Cloquet coach and race car driver survives high-speed crash
Racing at Amsoil Speedway in Superior on Saturday, Cloquet's Dave Esse was attempting to pass Wisconsin driver Rick Hannestad on the outside when the latter driver moved higher on the race track, touching wheels with Esse’s car. Esse crashed at approximately 100 mph.By: Jeff Papas, Pine Journal
“I appreciate that I’m here.”
C-E-C boys’ hockey coach Dave Esse is a very fortunate man this week, after a high-speed crash of his late-model race car last Saturday left him with a concussion and a bruised heart and sternum.
Racing at Amsoil Speedway in Superior, Esse was attempting to pass Wisconsin driver Rick Hannestad on the outside when the latter driver moved higher on the race track, touching wheels with Esse’s car.
Esse was forced first into a siderail and then hung on for the ride as his car hit a smaller wall at approximately 100 miles per hour, vaulted into the air and hit a restraining fence which rebounded his car to the ground.
Initially knocked unconscious by the force of the crash, Esse got out of his vehicle, which soon caught fire.
One of the first people to reach Esse after he left his car was Hannestad.
“He didn’t mean to do it,” Esse said of his rival. “He’s a good guy and it was a racing thing. He didn’t know I was there when he moved up the track and he apologized to me on the way to the hospital.”
Esse spent Saturday night a SMDC with a concussion and hyperextended neck in addition to his bruises on his heart and sternum.
“To tell you the truth, I sort of feel like a giraffe,” Esse said about his neck injury. "I can’t take a deep breath and it feels like someone is squeezing my heart with a pair of pliers sometimes.”
Esse also suffered cuts from his seat belt along his collarbone and neck. The crash bent the steering wheel of his vehicle approximately six inches.
“I’m very, very thankful I’m here,” Esse said. “I’m thankful that the car did its job. They are professionally designed for the sport, and at high impact they are supposed to break away and this car did.”
I’d rather have an accident in a race car at 100 miles per hour than in a regular car at 30 miles per hour,” he added.
Esse has been told by doctors that he will need at least a month before he will feel back to normal but he intends to resume his teaching duties at Carlton High School this week.
“I’m bored around the house,” he said. “I’ll try to get back this week.”
The question of Esse’s car, however, is another matter.
“Anything can be fixed, but the chassis costs money,” Esse said. “The car is junk and I don’t think anything is salvageable on the front end.”
The fire after the accident also took its toll on the vehicle.
“There’s melted stuff in there,” Esse said. “I feel badly for my dad. He does about 99 percent of the work on the car and he came out of retirement and back to work to help pay for it.”
The response from the racing and hockey communities, though, has been heartwarming. Esse estimates that he has received over 300 voice and text messages from well-wishers since the accident.
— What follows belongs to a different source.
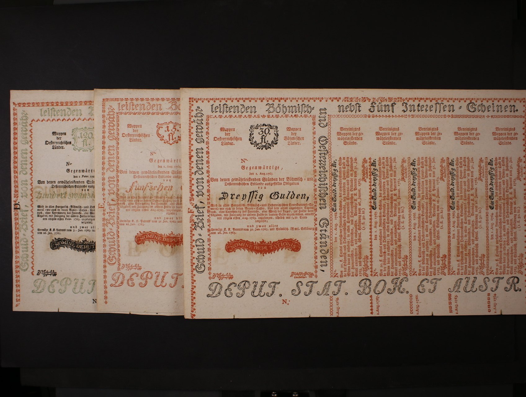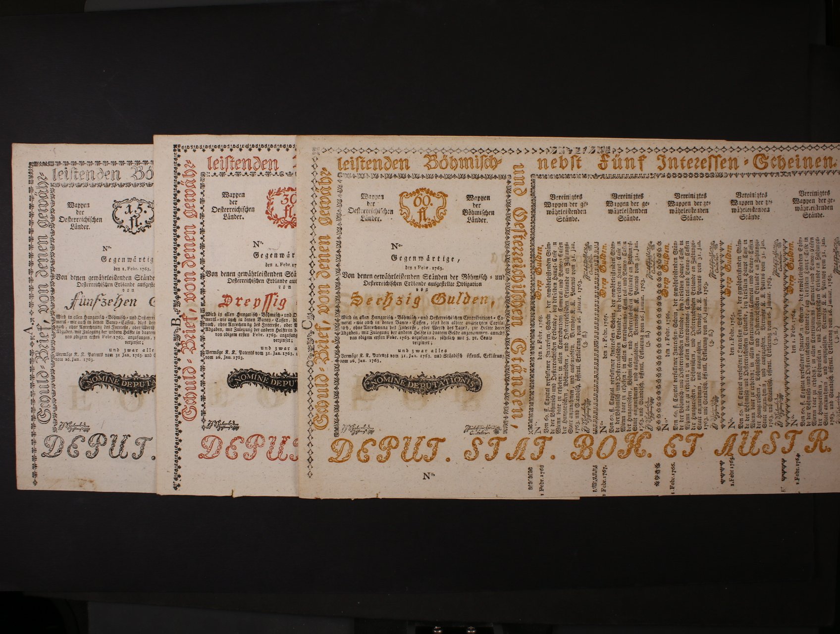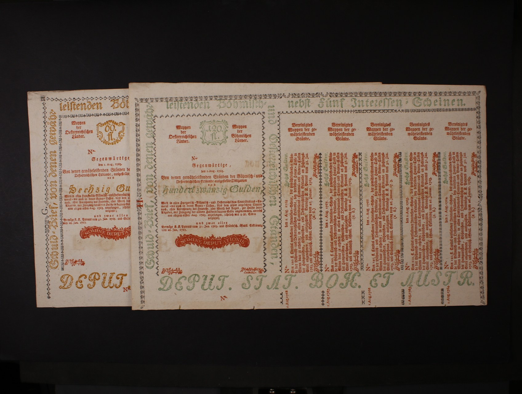 Zahlungsobligationen 1763, formuláře platebních dluhopisů s 5-ti úrokovými kupóny 15, 30, 60, 120 Gulden 1.2.1763 a 15, 30, 60, 120 Gulden 1.8.1763, Ri. W5, W6, celkem 8 kusů

“I charged my phone three times on Monday to answer everyone,”he said. “Drivers have called offering parts, they’re telling me about chassis for sale. They’re all friends of mine and concerned. They’re all trying to help out.”
Esse thanked his caregivers at SMDC, L&M Towing for getting his car back to his garage and friends who helped get him to the hospital.
“Friends are offering to do things at my house,” he said. “It’s nice to know who your true friends are. So many people are just good people.”
He’s also fully aware things could have been a lot worse.
“When I was in intensive care, the guy next to me had fallen off a 20-foot ladder at his cabin and broke just about everything in his back and neck,” Esse said. “I felt fortunate compared to him.”
Still, though, Esse can’t get racing out of his blood.
“I appreciate that I’m here, but I’d like to race tomorrow,” he said.